A entrada em vigor do novo Código Civil brasileiro, segundo o presidente em exercício do TST, pode funcionar como fator adicional de estímulo ao atraso no pagamento de débitos trabalhistas pela parte executada na Justiça. O artigo 406 do novo Código Civil prevê que os juros de mora aplicáveis aos débitos resultantes de ações civis, desde o dia 11 deste mês, devem acompanhar a taxa fixada para pagamento de impostos devidos à Fazenda Nacional. Atualmente, essa taxa é a Selic (Sistema de Liquidação e Custódia do Banco Central) que está fixada em 25% ao ano, ou cerca de 2% ao mês. O TST ainda não decidiu a taxa de juros que vai propor no anteprojeto.

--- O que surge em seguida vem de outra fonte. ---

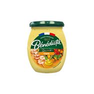 "Découvrez la sauce Curry Bénédicta. L'exotisme & l'onctuosité d'une sauce culinaire au Curry légèrement épicée, qui accompagnera parfaitement vos plats de viandes blanches ainsi que du riz ou des pommes de terre. Que diriez-vous d'accompagner vos viandes chaudes et froides, brochettes, bagels et sandwiches chauds ou froids avec une délicieuse sauce Gourmet Curry? Essayez les sauces de la gamme Gourmet Bénédicta, idéales pour accompagner les plus grands plats et transformer vos assiettes. Voilà des alliées de taille pour sublimer tous vos plats. Sauce Gourmet au Bleu, Ail & Fines Herbes, Truffe d'Eté, Curry… elles se déclinent pour toutes les envies. Depuis 1907, la Maison Bénédicta élabore ses créations gourmandes avec passion à Seclin, dans les Hauts de France, en sélectionnant ses ingrédients avec soin. Chez Bénédicta, nous sommes fiers de cultiver le bon depuis le premier jour. Cette sauce est disponible en bocal au format 260g."
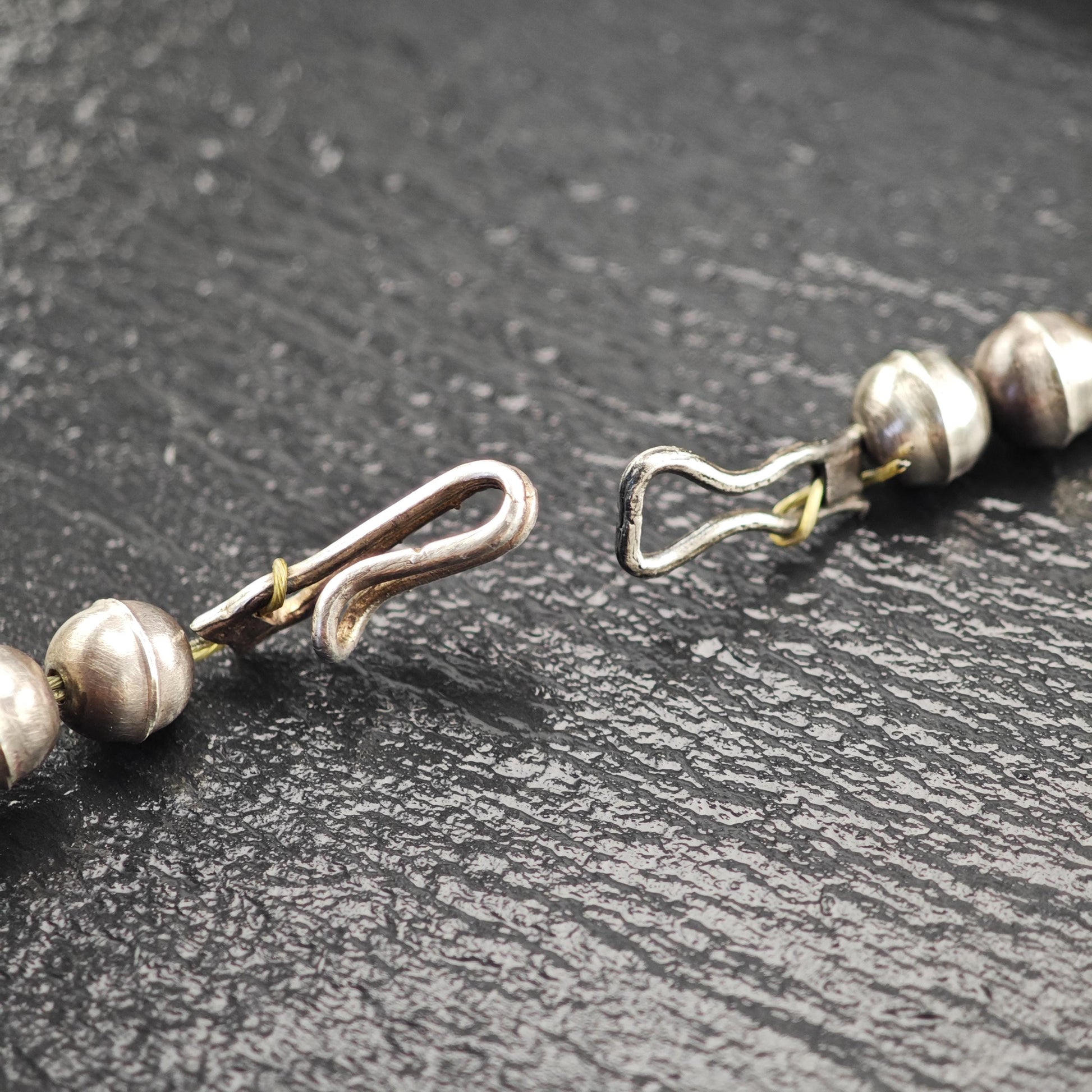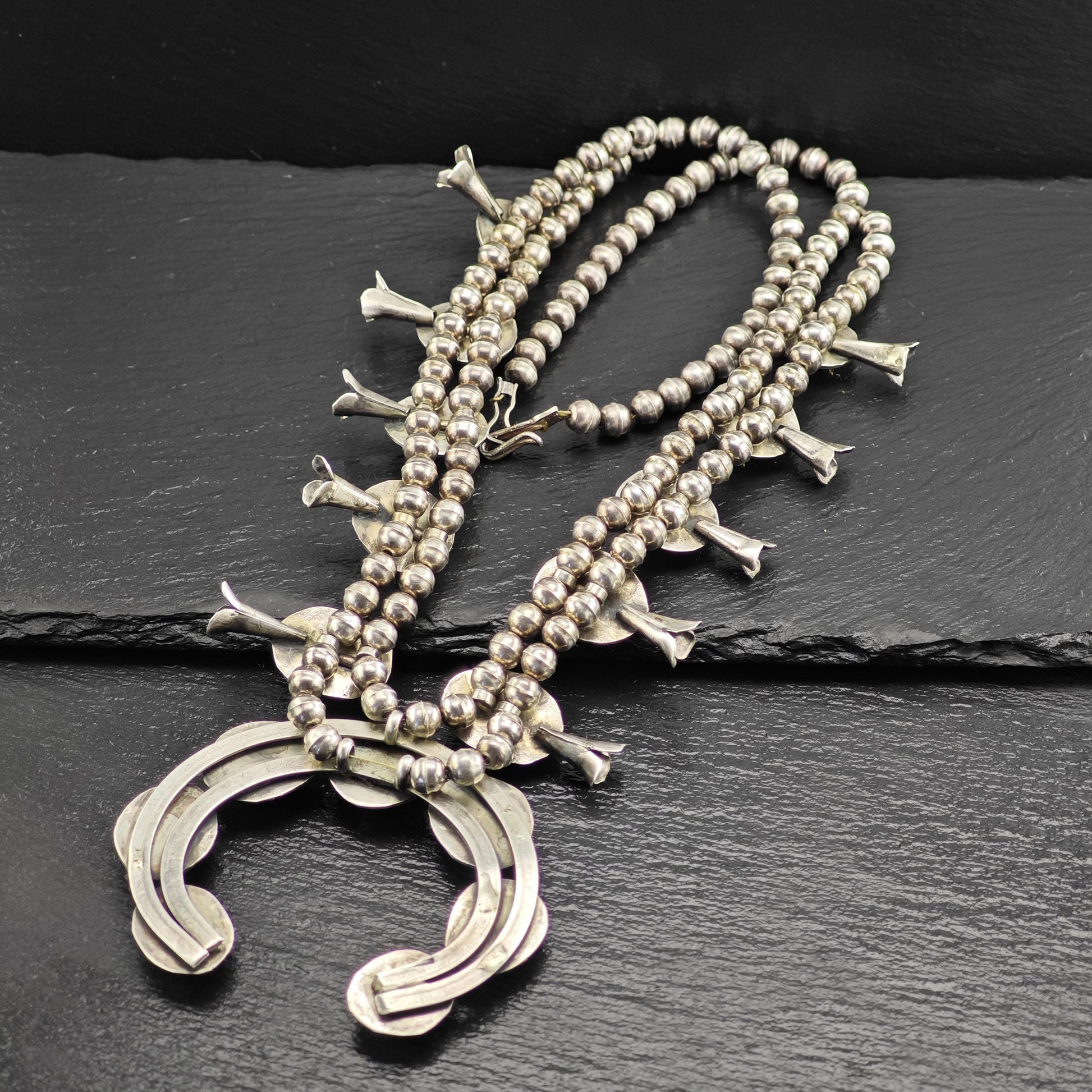Dating back to circa 1970, this necklace embodies the rich heritage of Native American jewelry making. Please note that variations in color in the images are due to reflections; the necklace is even more beautiful in person, showcasing the lovely silver tones.

Improbidade Administrativa

A procuradora-geral de Justiça do Paraná, Maria Tereza Uille Gomes, assinou recomendação aos membros do MP do Estado para que os promotores com atribuição em matéria de improbidade administrativa continuem ajuizando em primeira instância ações contra autoridades acusadas de improbidade, mesmo após a edição da Lei nº 10.628, de 24 de dezembro de 2002. A lei instituiu o foro privilegiado para agentes políticos, mesmo após o fim do mandato. A orientação é para que os promotores aleguem a inconstitucionalidade da lei em cada uma das ações civis públicas que ajuizarem contra agentes políticos acusados de conduta ímproba. Assim, ficará a cargo do juiz de primeiro grau para o qual for distribuída a ação julgar se ela deve ou não ser analisada por tal instância. A recomendação da Procuradoria-Geral de Justiça é para que os promotores continuem atuando normalmente nos inquéritos civis instaurados com base na Lei de Improbidade.


Danos materiais
  O dano material é uma lesão concreta que afeta um interesse relativo ao patrimônio da vítima. Assim, a perda de bens materiais deve ser indenizada, de modo que cada desfalque no patrimônio de alguém lesado é um dano a ser reparado civilmente e de forma ampla. Com esse entendimento, a Terceira Turma do STJ, por maioria de votos, acolheu parcialmente recurso de Lívia Brunetti contra decisão do Tribunal de Alçada do Estado de São Paulo não considerando novo pedido de indenização por danos materiais, decorrentes de acidente de trânsito.


Pró-álcool suspenso
  O ministro Ilmar Galvão do STF deferiu liminar na Ação Direta de Inconstitucionalidade (ADI 2823) e suspendeu os dispositivos da lei estadual que criou o Programa de Incentivo às Usinas Produtoras de Álcool (PRO-ÁLCOOl) no estado de Mato Grosso. A ação se fundamenta no dispositivo constitucional que veda a concessão de benefícios fiscais quanto ao Imposto sobre Circulação de Mercadorias e Serviços (ICMS) sem que haja prévio convênio entre todos os estados da federação e o Distrito Federal.
O Plenário aprecará a manutenção da liminar após o fim das férias forenses.

Vinculação vedada
  A Quinta Turma do Tribunal Superior do Trabalho desobrigou o município de São Caetano do Sul (SP) a pagar diferenças salariais a um grupo de servidores que, em sentença e decisão de segundo grau, havia assegurado reajuste de vencimentos com base na vinculação ao salário mínimo. A Constituição veda a vinculação do salário mínimo para qualquer fim, explicou o relator do recurso do Município no TST, juiz convocado Walmir Oliveira da Costa.